Thursday, May 17, 2007

Singularity

He-he. :) Usually I found most of what Michael Anissimov wrote insightful and interesting. But this post about the Singularity is utter nonsense. Uncofortable with its unpredictability he tried to make a  case that human values could survive through it. :)

If I were the first superintelligence, I can tell you what I would do. I would rationally evaluate every aspect of my personality, improving it using Pareto optimisation and stronger forms of optimisation. I would develop and install powerful decision making subroutines that would ensure every decision I make is as close to optimal as possible. I would use these subroutines to evolve rapidly.

There is no single human value that I expect to keep. Books are of no use to superintelligence. Love and sex are something many of us already want to get rid of, a dark vestige of our evolutionary past. Games are inferior forms of Monte-Carlo simulations and evolutionary algorithms. Work will no longer be needed, thought alone would accomplish everything I might ever need. And the food I would need would be measured in ergs, not in calories...

The Singularity is not unpredictable. One thing we can certainly be sure of - change. Lots and lots of it. That's what you can expect after the Singularity.

3 comments:

Michael Anissimov said...

Perhaps a qualifier is necessary. OBVIOUSLY I believe that the Singularity could cause tremendous change. The point of my post is that IF the first superintelligence allows humans to survive and doesn't immediately force them to change radically along with it, there's absolutely nothing wrong with an extremely advanced superintelligent sector existing alongside a traditional human sector. Believe me, I can imagine radical change on such an immense scale that most would be shocked. My point is just that in a successful Singularity, not everyone would necessarily would be *forced* to change in every way. Does that make sense?

Danila Medvedev said...

That is extremely misleading, because it ignores the rate of thinking.

Your point is essentially this: "for some time after superintelligence is created life may go on as usual, making everyone happy and comfortable".

This is true at the superintelligence's rate of thinking. For a couple of subjective centuries (for the superintelligence - astronomical hours) not much will change. But for MOSH humans the period of time where everything is as usual will be almost instantaneous.

I don't believe that humans will eventually have any say in what happens to them. So even though it is entirely possible that some Mister X will not notice anything unusual (because he is uploaded into a comfortable VR), it is misleading to describe it as "not forcing humans to change". Just like taking an ant from an anthill and placing it into a lab environment (or onto a spaceship) is radical change for an ant, whether he realises/feels that or not.

Lion Kimbro said...

Pareto rationality towards *what,* Danila?

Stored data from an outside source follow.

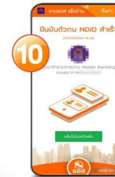
10. ยืนยันตัวตนสำเร็จ
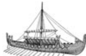
Ντράκαρ (σουηδικά drakkar) A. Brun - Noveau Larousse Illustré

Εξάλλου το Αρχαίο Ελληνο-Αγγλικό λεξικό των Henry Liddell και Robert Scott , έκδοση 1843, στο λήμμα ΜΥΘΟΣ (Γ' τόμος, σελ. 194), δίνει τις εξής σημασίες: λόγος, ομιλία, αγόρευση, συμβουλή, απόφαση, σκοπός, σχέδιο. ΜΥΘΟΣ σε αντίθεση με το ΕΡΓΟΝ . Πουθενά δεν αναφέρεται η σημασία παραμύθι ή πλαστή διήγηση, που στα Αρχαία Ελληνικά λέγεται ΠΑΡΑ-ΜΥΘΟΣ (ο) = contra-Myth. Στα Ομηρικά Έπη δεν απαντάται η λέξη ΛΟΓΟΣ , διότι έχει αντικατασταθεί από τον ΜΥΘΟ και το ΕΠΟΣ!
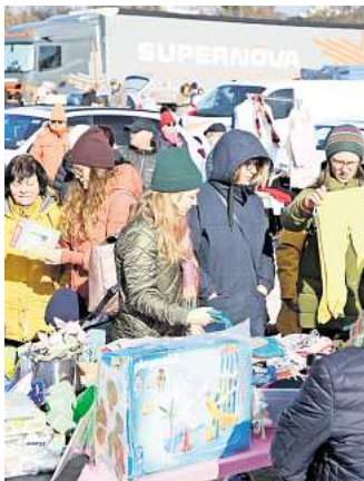
Der Großflohmarkt im Allerpark ist ein Mekka für Schnäppchenjäger.

Der Großflohmarkt im Wolfsburger Allerpark, einer der größten der Region, bietet den Flohmarktfreunden hier seit fast 30 Jahren eine beliebte Plattform zum Kaufen, Verkaufen oder Tauschen. Schallplatten, Bücher, Kinderspielzeug, Bekleidung, Antikes, Kurioses, Werkzeug, und mehr.
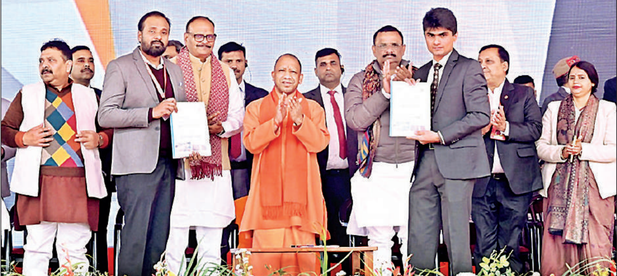
वाराणसी : मुख्यमंत्री योगी की उपस्थिति में उप्र. सरकार और स्पोर्ट्स अथॉरिटी ऑफ इंडिया के बीच हुए एमओयू के दस्तावेज दिखाते अधिकारी, साथ में उप मुख्यमंत्री ब्रजेश पाठक व अन्य।

मुख्यमंत्री रविवार को 72वीं सीनियर नेशनल वॉलीबॉल चैंपियनशिप के शुभारंभ अवसर पर खिलाड़ियों और दर्शकों को संबोधित कर रहे थे। इस अवसर पर स्पोर्ट्स अथॉरिटी ऑफ इंडिया (साई) और उत्तर प्रदेश खेल निदेशालय के बीच नेशनल सेंटर ऑफ एक्सीलेंस (एनसीओई) के संचालन को लेकर समझौता ज्ञापन (एमओयू) का आदान-प्रदान हुआ। मुख्यमंत्री ने कहा कि इस एमओयू से काशी सहित पूर्वांचल के युवा खिलाड़ियों को अत्याधुनिक प्रशिक्षण सुविधाएं मिलेंगी और उन्हें साई के अनुभवी कोचों का मार्गदर्शन प्राप्त होगा।
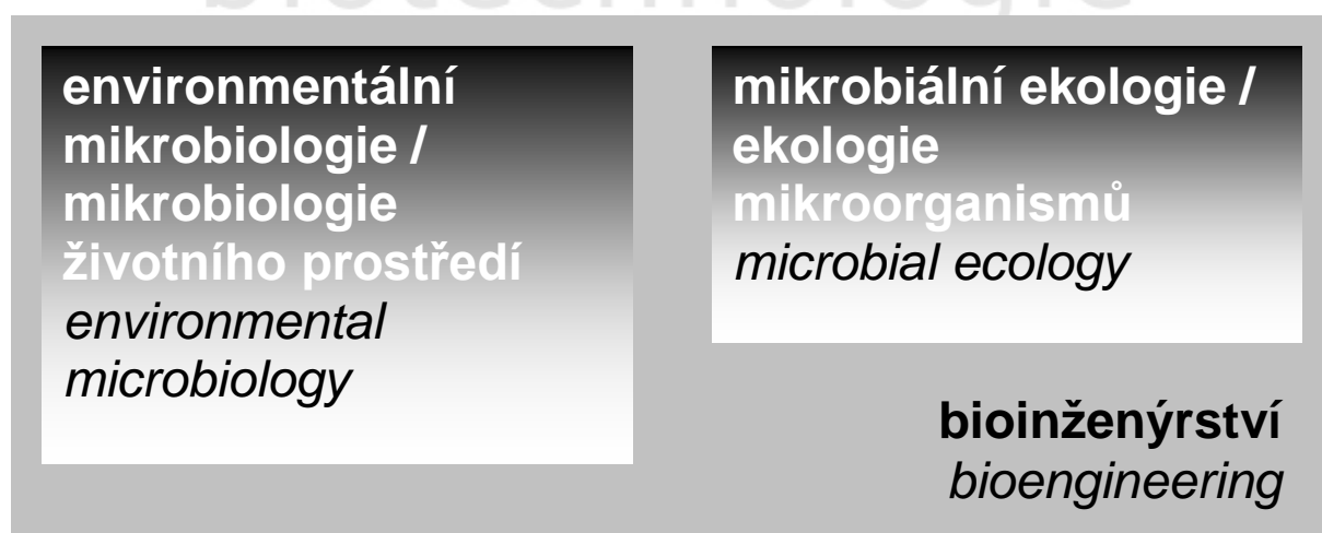
Obr. 1 Teoretická východiska pro bioremediace

Komplexnost přístupu, který v oblasti aktivního nakládání s kontaminacemi v životním prostředí bioremediace představují, je znázorněna na obrázku 1. Teoretické rámce sloužící jako zdrojové soubory informací, vodítka pro optimální volbu metod, jak shromáždit dostupné poznatky a jak rozšířit znalost klíčových faktorů majících vliv na použití správných nástrojů v procesu konstrukce konkrétní biotechnologie, resp. konstrukce sanačního zákroku na bázi aplikace biologického činitele obecně, představuje v primární fázi environmentální mikrobiologie a mikrobiální ekologie. Tyto disciplíny mají výrazně interdisciplinární charakter a v mnoha ohledech se prolínají a informačně doplňují a podporují. Environmentální mikrobiologie jako podobor mikrobiologie shromažďuje poznatky o biologických činitelích, mikrobiální ekologie je disciplína o vztazích ve všech rovinách interakce biologického činitele a prostředí jeho výskytu. Zastřešujícím oborem s přímým vlivem na konstrukci vlastní technologie je bioinženýrství, které disponuje prostředky, jak technicky vytvořit optimální podmínky realizace bioremediačního zákroku.
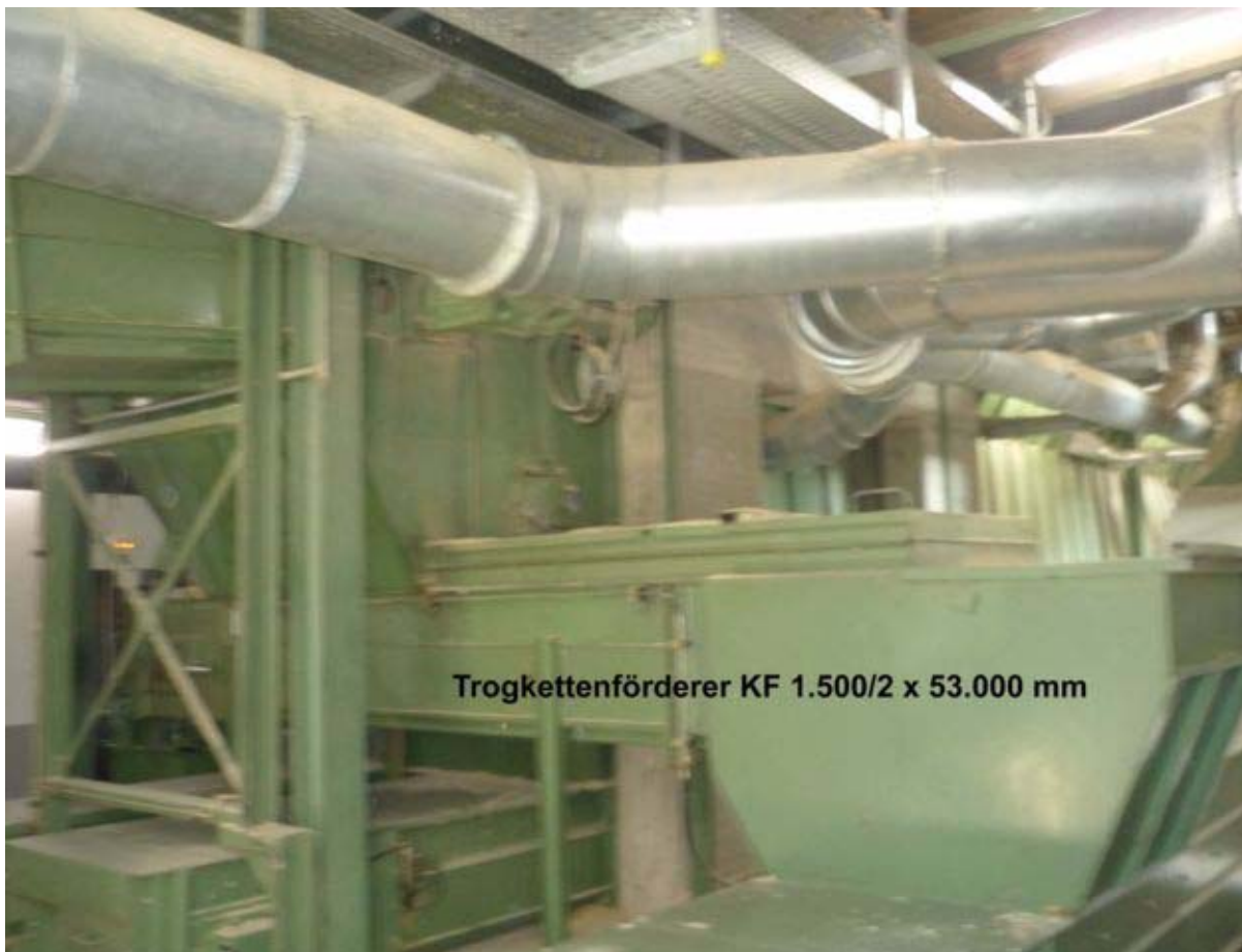
Trogkettenförderer KF 1.500/2 x 53.000 mm

Rationality is always towards some end.

The super-intelligence must have an end, something that it would want.

Human desires are interests are not a burden, they are the purpose.

It is my belief that as people mature, the more they come to realize that what they want is for the near universal flowering of humanity and high virtues, artificial Gods.

I don't understand why a super intelligence would not only be able to understand the wisdom of Shakespeare, Mark Twain, Madeline Le'Engle, and myriad other writers, and see and understand and value the promise of all life.

I mean, look-- Optimus Prime. :)

If all you worship is Megatron, who argues that Optimus Prime wastes his strength on the weak-- well, ...

It is clear which sides of this struggle we would be on.

Myself, I'll pick Xavier over Magneto.